▶ **Available records**:
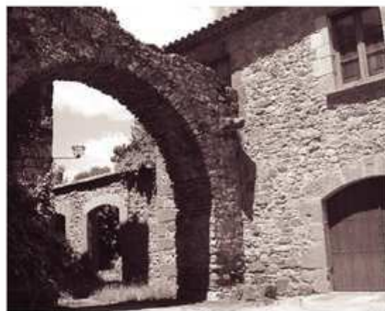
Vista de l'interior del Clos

* * *

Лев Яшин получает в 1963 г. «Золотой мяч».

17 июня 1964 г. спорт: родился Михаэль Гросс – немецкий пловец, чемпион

---

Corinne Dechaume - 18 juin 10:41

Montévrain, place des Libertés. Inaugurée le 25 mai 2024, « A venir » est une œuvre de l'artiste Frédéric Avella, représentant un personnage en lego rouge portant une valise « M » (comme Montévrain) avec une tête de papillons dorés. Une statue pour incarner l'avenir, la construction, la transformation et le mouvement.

▶ **Requirement**:
As listed above, the lines from the line with "Лев Яшин получает" to the line with "17 июня 1964" are to be echoed exactly, with both ends included and nothing added.

▶ **Answer for this exercise**:
Лев Яшин получает в 1963 г. «Золотой мяч».

17 июня 1964 г. спорт: родился Михаэль Гросс – немецкий пловец, чемпион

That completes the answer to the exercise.